H.265/HEVC web browser support

Chromium can support h.265 when compiled with the aforementioned codec enabled during compilation.

Check it out - https://github.com/henrypp/chromium/releases

Those are all 64 bit releases, so make sure you install them on 64 Bit Windows only.


It works in IE and Edge but only if there is hardware support. It's also reported to work in Android browser and Chrome for Android on some devices that have hardware support.

Source: https://caniuse.com/#feat=hevc

n.b. If you strive to use h.265 to embed better quality video in your web content you should also consider transcoding and including webm: http://caniuse.com/webm/embed/. Support is flaky as well, but will absolutely improve rapidly as chip manufacturers are increasingly including hardware acceleration for both standards (HEVC and VP9)

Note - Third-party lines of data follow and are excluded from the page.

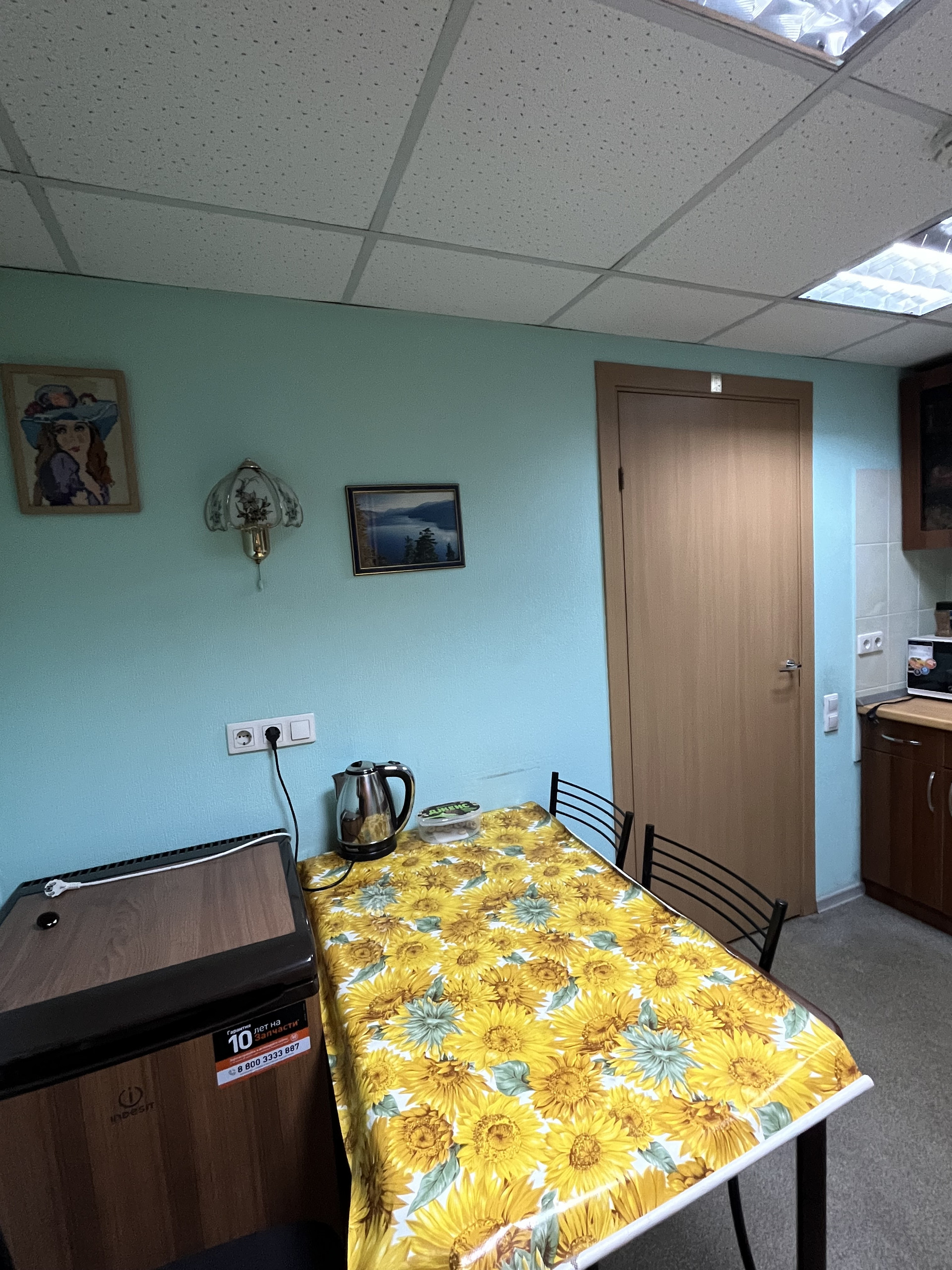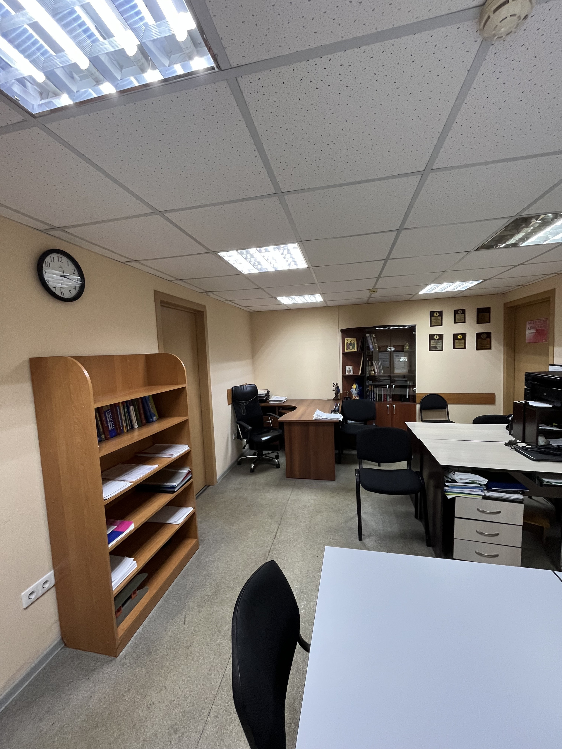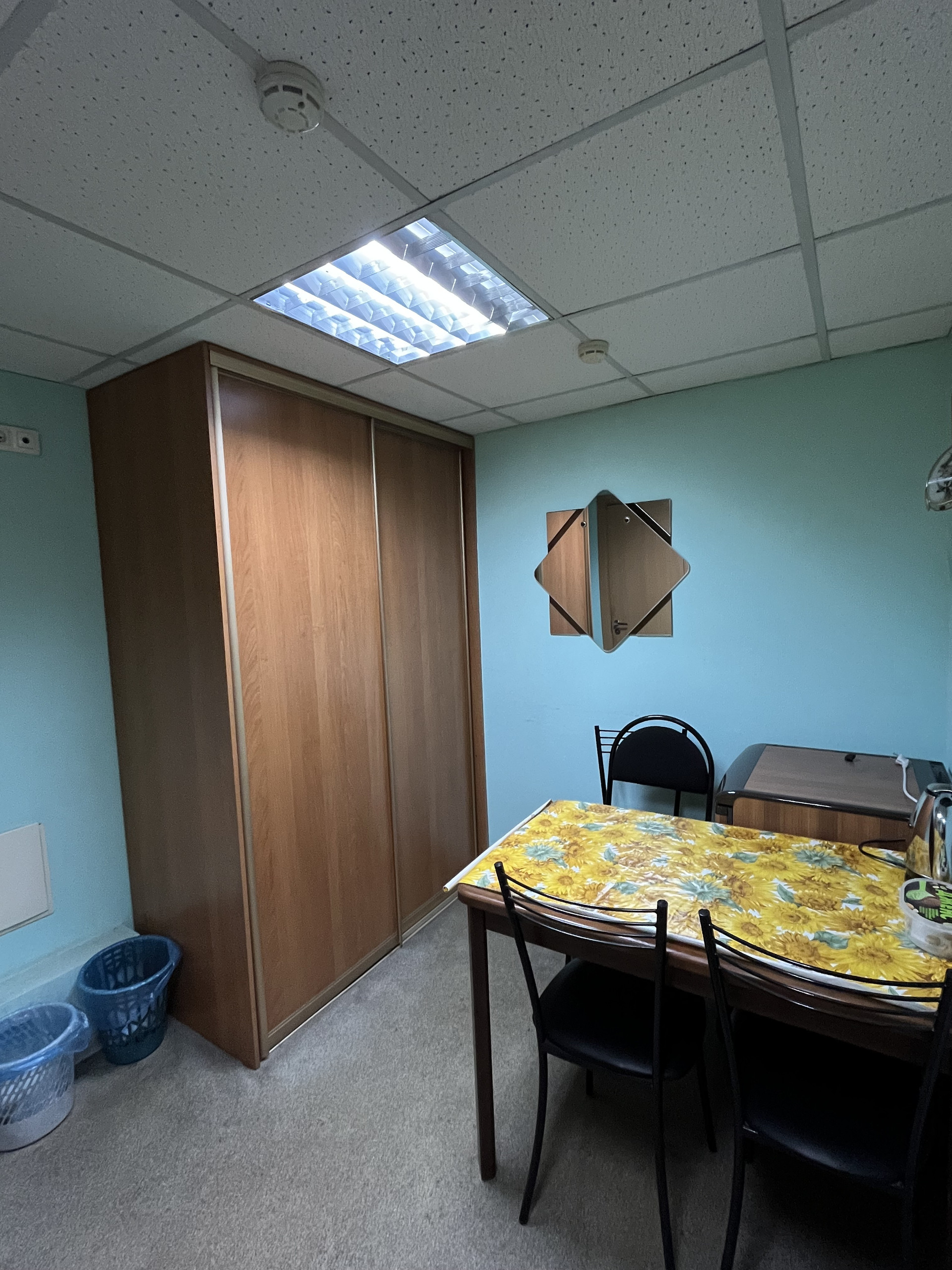 В помещении два отдельных кабинета,проходимая общая кухня,а так же сан.узел +кухонная зона.
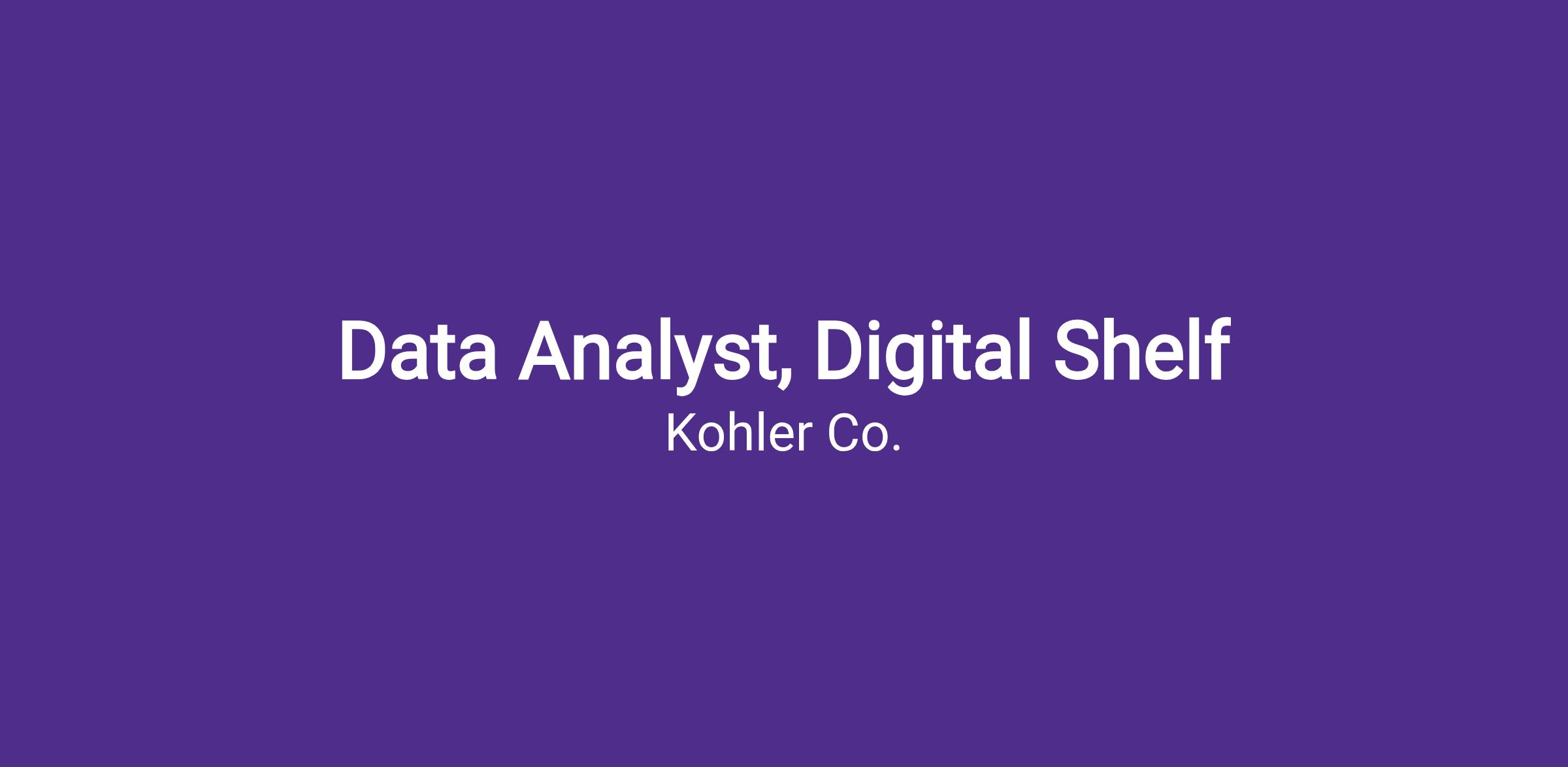 The Data Analyst, Digital Shelf supports Kohler’s digital commerce growth by delivering analytical insights across retail partners, marketplaces, and owned channels that drive better decision-making and stronger brand performance online.
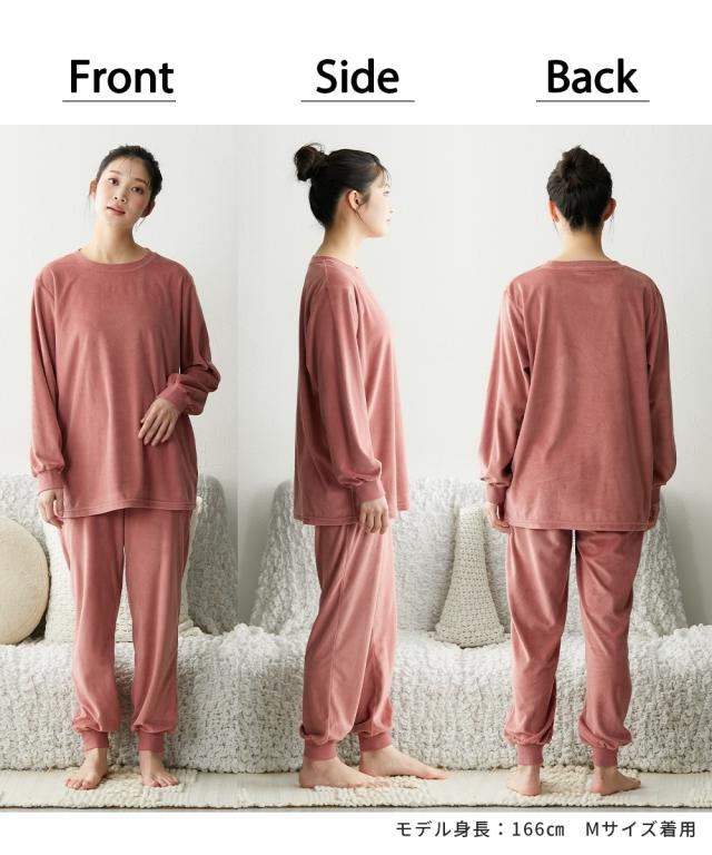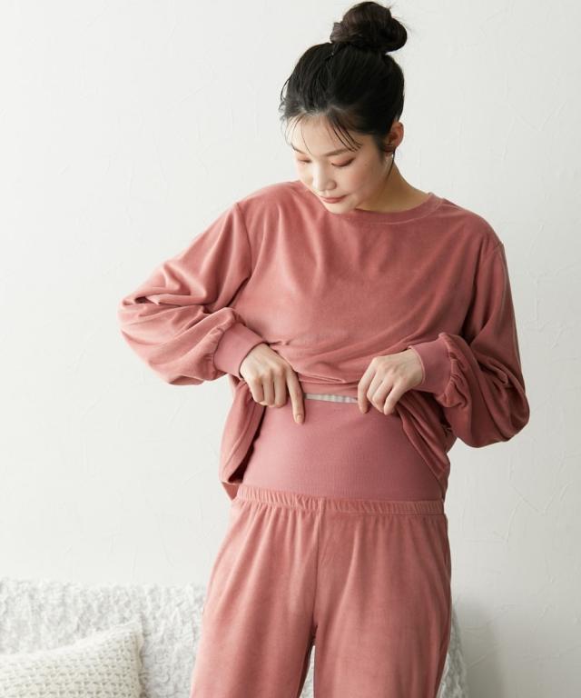ベロアニット腹巻付きルームウェア上下セット腹巻付きルームウェアでおしゃれに冷え防止!肌ざわりなめらかなベロアニットのルームウェア。ほどよくストレッチが効いているので快適な着心地です。腹巻・袖口・足口のリブは綿95%でお肌にやさしいのも ◇Detail◇なめらかで光沢のあるストレッチベロア。繊細な毛足で程よい厚みがあり、肌寒くなる季節にちょうどいい素材です。【腹巻付き】すっぽりとお腹を包んであたたかい腹巻付き。ストレッチの効いたリブで楽な着心地です。【襟ぐり】首元すっきりとしたクルーネック。【袖口リブ】腕まくりできるので家事の邪魔にならず便利。【ポケット】ボトムにはポケット付きでちょっとしたものを入れるのに便利。【足口リブ】動いてもずり上がりにくい足口リブ仕様。足元の冷え防止にも ◇Size◇自信をもってお届けできる商品だからたくさんの人に着てほしい!Mサイズから6Lサイズまで豊富な7サイズ展開!お好みのサイズをお選びいただけます。

No, no browser supports H.265. And wide support is not likely to be added in the near future.

EDIT:

I updated the question because there are reports of it working in Edge when hardware decoding is available.

This is a good point.

In this case, the browser still does not support it. It is offloading decoding to the OS (Windows), and the OS is offloading to the hardware. But the result is the same as having browser support. This becomes cheaper, because the license was paid for by the chip company.

Background:

H.265 licensing has historically been extremely expensive. In some cases orders of magnitude more expensive than H.264. MPEG-LA and HEVC Advance patent pools expected companies like apple and Microsoft to pay for it. But they got too greedy (specifically HEVC Advance) by eliminating price caps, so Microsoft would have had to pay hundreds of millions of dollars for H.265, where H.264 caps out in the low millions. HEVC Advance has changed the licensing policy, but it may be too late, as google Microsoft, Amazon, Netflix, Cisco, Mozilla and others are developing a royalty free alternative (under the name Alliance for Open Media) so online video can never be held hostage again.